Nah pas main tarkam itu, salah satu pelatih dari Bandung, Risnandar, dia suka melihat saya main. Dia mengajak saya gabung ke Bandung Raya. Saya terima tawarannya karena dijanjikan melanjutkan sekolah di Bandung. Mulai dari situ saya main di Galatama dan mendapat panggilan memperkuat Timnas Indonesia U-19. Saya menggebrak karena menjadi satu-satunya pemain dari luar Diklat Ragunan yang dipanggil Timnas Indonesia U-19.
Setelah itu pada 1988 saya dapat tawaran dari Pelita Jaya dan Arseto Solo. Karena target saya ke timnas senior, makanya saya pilih Pelita Jaya. Sebab Pelita Jaya markasnya di Jakarta yang kemungkinan untuk dipantau timnas lebih besar.
Saya di Pelita Jaya cukup lama hampir delapan tahun.
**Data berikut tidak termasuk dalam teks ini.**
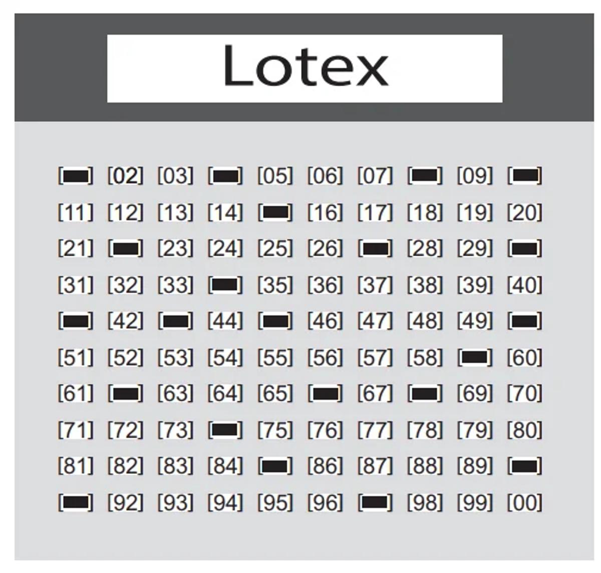 Na loteria Lotex, cada aposta corresponde à marcação de cinquenta números em um cartão. Caso o apostador marque uma quantidade inferior a cinquenta números, o sistema completará aleatoriamente a sua aposta até integralizar os cinquenta números necessários. Por exemplo, o cartão de aposta retratado representa as escolhas de um jogador antes que o sistema integralize o seu preenchimento.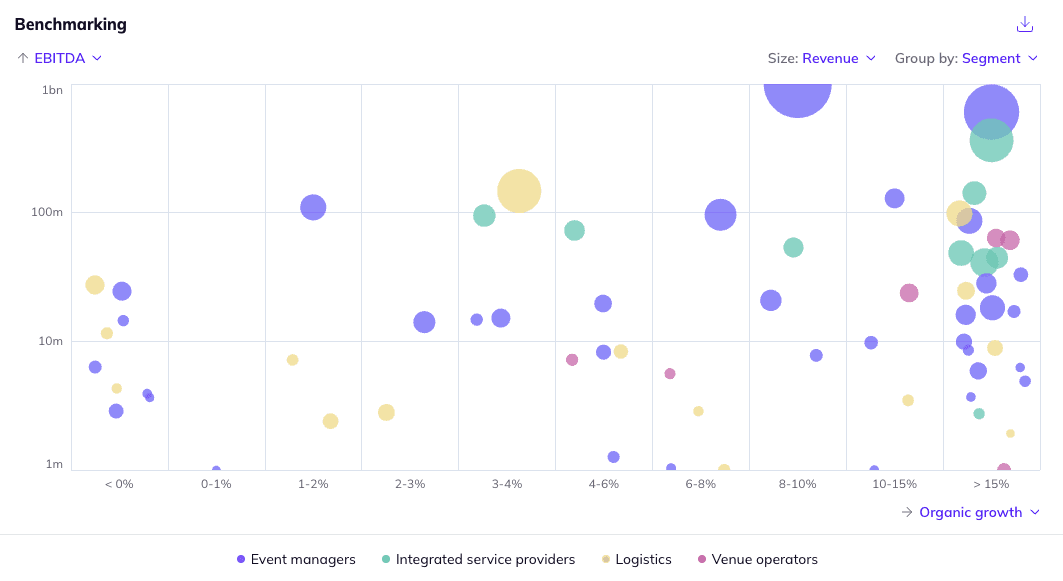 The European event and exhibition management market comprises players that organise, execute and provide logistics services for trade shows, conferences, expos, conventions and other gatherings across various industries. As such, we segmented the European market by the nature of players’ business models into: (i) venue operators, (ii) event managers, (iii) logistics and (iv) integrated service providers.

Kemudian karena cedera saya keluar dari Pelita. Setelah itu saya menghubungi Robby Darwis dan Djadjang Nurdjaman untuk menanyakan kesempatan bermain di Persib. Padahal saat itu saya sedang ikut latihan bareng Persita bersama Benny Dolo, tapi saya kurang sreg.
![]() |
Akhirnya Persib menerima saya untuk bergabung pada 1996. Di situ, saya juga membuat gebrakan sebagai pemain pertama dari luar kompetisi internal Persib yang bergabung tim Maung Bandung.
Setelah dari Persib saya pindah-pindah klub. Saya ke PKT Bontang di 2003. Kemudian 2004 saya bawa Persijap promosi dari Divisi Satu ke Divisi Utama. 2005 saya ke Mojokerto Putra, kemudian 2006 sebentar di PSB Bogor cuma ikut latihan. Lalu 2006 saya bawa Persma Manado promosi dari Divisi Satu ke Divisi Utama. Terakhir 2008 saya main di PSSA Asahan.
Kemudian saya pensiun di usia 38 tahun karena memang sudah merasa bosan latihan dan juga saya cedera ACL. Saya puas karena sudah 20 tahun lebih bermain, kemudian sudah pernah juara bersama Pelita Jaya di kompetisi Indonesia dan ASEAN. Saya juga sudah pernah membawa klub promosi.
Cuma kalau karier sebagai pemain Timnas Indonesia saya merasa belum puas karena keburu cedera. Di timnas, saya belum pernah merasakan main di putaran final Piala Asia, meskipun sudah juara SEA Games 1991.